Figure 8 : différents types de coping issus de la théorie de Schwarzer et Knoll (2002) selon l’axe de certitudes et en fonction du temps.

Cette théorie dessine de nombreux liens avec le concept d’auto-efficacité (Bandura, 1997). En effet, sur le plan réactionnel, l’individu doit développer une croyance positive concernant sa capacité à faire face à une situation. Sur le plan anticipatoire, l’individu doit disposer de capacités à faire face avec succès à une situation. Sur le plan préventif, l’individu doit être capable d’initier seul et de planifier des actions de prévention. Sur le plan proactif, l’individu doit être capable de mettre en œuvre et de maintenir des actions et ce, malgré les difficultés.

Dans ces nouvelles conceptions, le coping peut ainsi être mis en place avant l’apparition d’une situation menaçante, voire même dans une situation qui ne l’est pas, puisqu’il repose sur une bonne maîtrise des demandes et sur la recherche de sens attribuable à

la situation (Folkman & Moskowitz, 2000). De plus, sous l’impulsion de la psychologie positive, les modèles récents du stress ont montré que les affects négatifs et positifs peuvent coexister (Affleck & Tennen, 1996). Enfin, dans le même ordre d’idées, Folkman (1997) diversifie sa conception des coping en incluant le coping par réévaluation positive et l’infiltration d’événements positifs. Mettant en place un coping par réévaluation positive, l’individu reformule la situation problématique afin de la rendre positive ; ce coping est donc relativement proche du coping anticipatoire mais il est opéré à l’instant T. L’infiltration d’événements positifs correspond à la mobilisation d’événements habituels positifs qui, intégrés à la situation difficile, apportent un certain réconfort à l’individu. Ainsi, même si l’évaluation initiale est défavorable, des émotions positives peuvent émerger (Figure 9).

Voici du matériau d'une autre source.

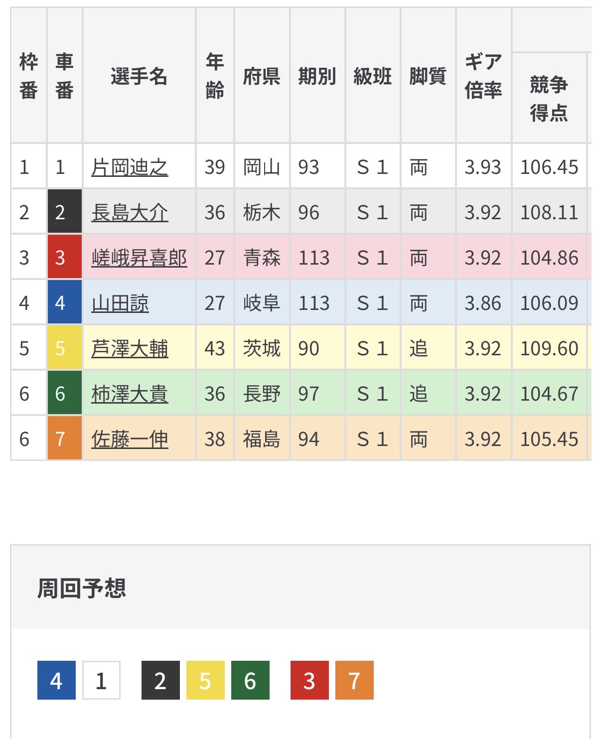 それに積極型は不在で番手は信頼ある芦沢ということも考えると先行は長島とみてその番手芦澤から狙う。
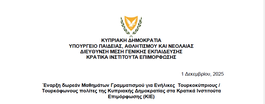 Έναρξη δωρεάν Μαθημάτων Γραμματισμού για Ενήλικες Τουρκοκύπριους / Τουρκόφωνους πολίτες της Κυπριακής Δημοκρατίας στα Κρατικά Ινστιτούτα Επιμόρφωσης (ΚΙΕ) Έναρξη δωρεάν Μαθημάτων Γραμματισμού για Ενήλικες Τουρκοκύπριους / Τουρκόφωνους πολίτες της Κυπριακής Δημοκρατίας στα Κρατικά Ινστιτούτα Επιμόρφωσης (ΚΙΕ) Διαβάστε περισσότερα επιλέγοντας εδώ και εδώ.. ...
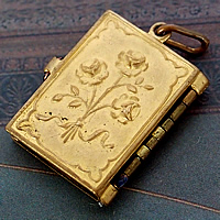 1900年代初期頃に製作されたブックデザイン(16枚の絵が描かれています)のアンティークメダイです。
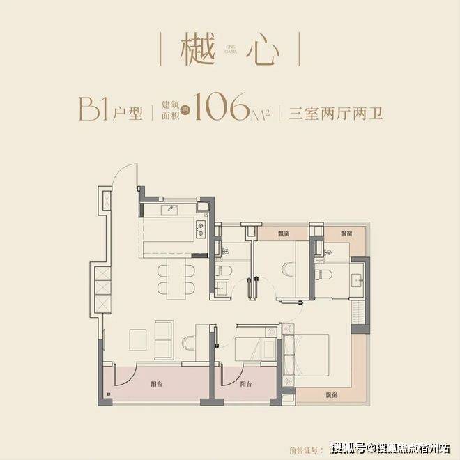建面约106㎡户型,更是以宽尺大横厅和270°的转角飘窗赚足了眼球,阳光与清风自由流淌,居住舒适度全面提升。LDKB一体化设计,在餐厨区布局万能中岛台,打破了厨房与餐厅的界限,延伸烹饪空间,增加收纳空间,更将社交功能融入其中,重塑中国人的情感场域。
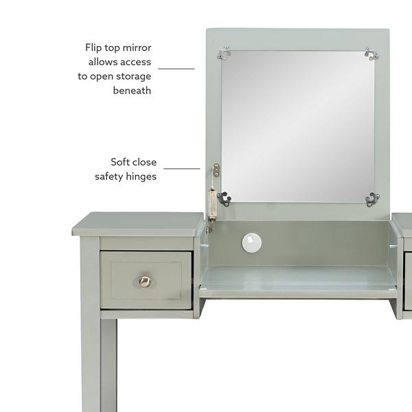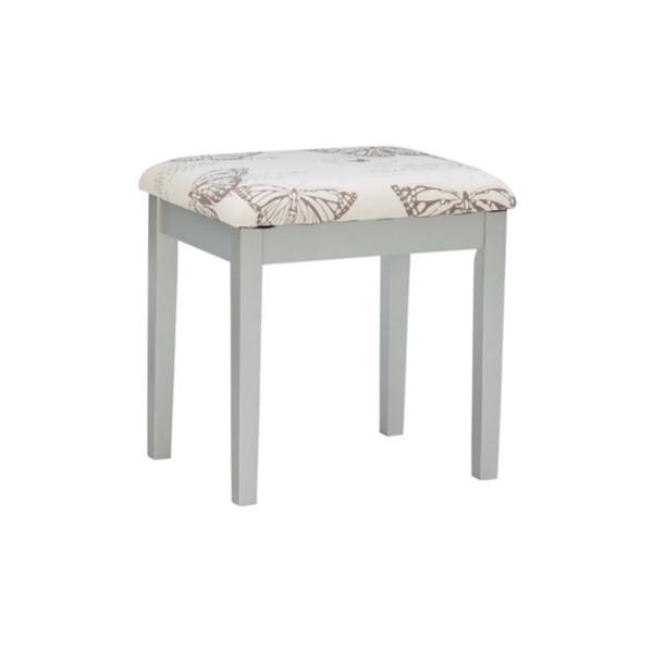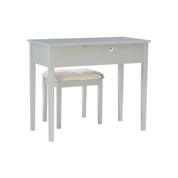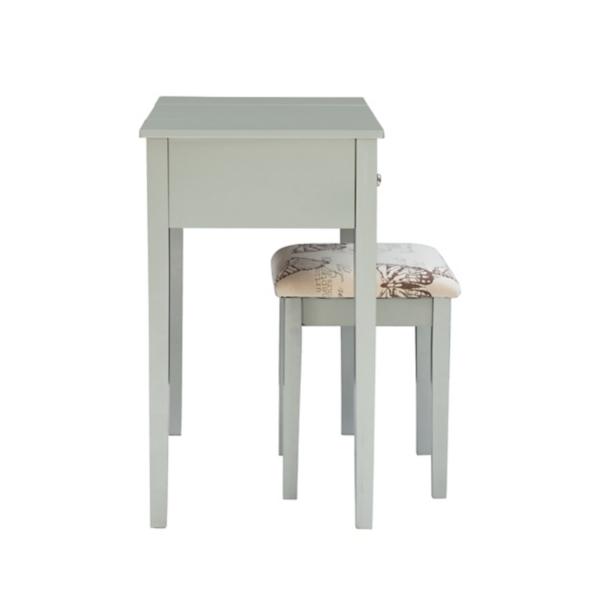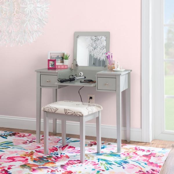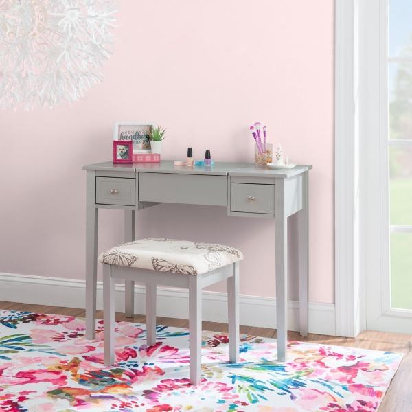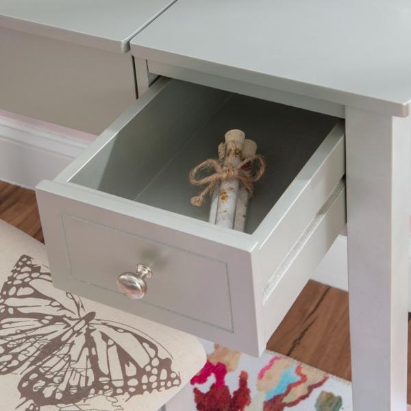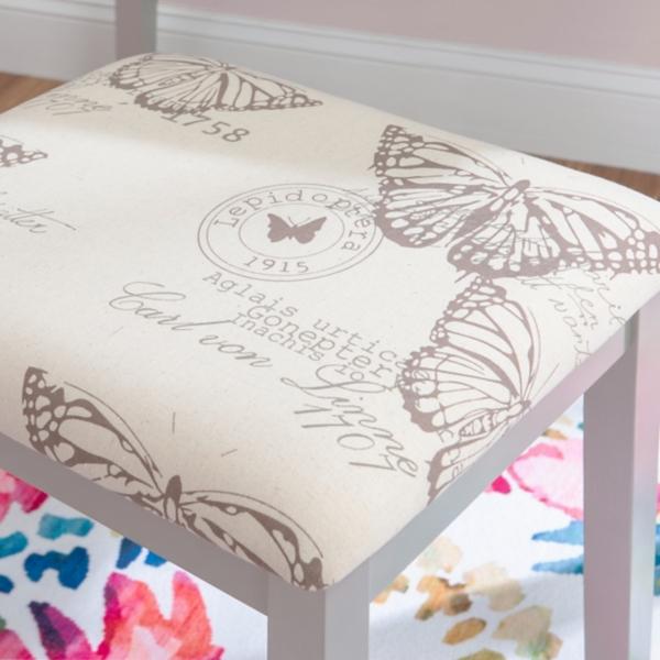 Constructed of solid wood, this Silver Virginia Butterfly Vanity Set includes a matching stool upholstered with a unique butterfly print on linen fabric. With two drawers and a lift top mirror, you’ll find ample storage for beauty supplies! Set includes one (1) vanity and one (1) stool Vanity measures 36W x 18D x 30H in. Stool measures 18W x 14.5D x 18.5H in. Crafted of wood Silver finish Stool upholstered in beige butterfly print fabric with high-density foam Features a flip top mirror and two (2) drawers Equipped with a cord management port Flip down front panel Weight: 45.5 lbs. Weight capacity (stool): 275 lbs. Weight capacity (vanity): 100 lbs. Assembly required Not intended for commercial use Care: Wipe with a soft, dry cloth. This item is available at Kirklands.com only, not available in stores. Please note: this item cannot be shipped to APO/FPO addresses. WARNING: Cancer and Reproductive Harm - For more information go to www.P65Warnings.ca.gov.

Figure 9 : modèle transactionnel du stress révisé par Folkman (1997 ; schéma tiré de Graziani & Swendsen, 2004).

En résumé

Selon Lazarus et Folkman (1984), l’évaluation d’une situation repose sur une évaluation primaire (pertinence et valence) et une évaluation secondaire (ressources et coping) effectuées en parallèle.

En fonction de la pertinence, de la certitude et du caractère potentiellement menaçant de la situation, des émotions, négatives mais aussi positives, émergent.

Les situations de conduite automobile et les ressentis associés semblent être interprétables par le modèle des évaluations.

Les stratégies d’ajustement peuvent être centrées sur le problème ou sur les émotions mais aussi être de nature réactionnelle, préventive, anticipatoire et proactive.

Même face à une situation négative pour l’individu, celui-ci peut mettre en œuvre des stratégies d’ajustement entraînant des émotions positives.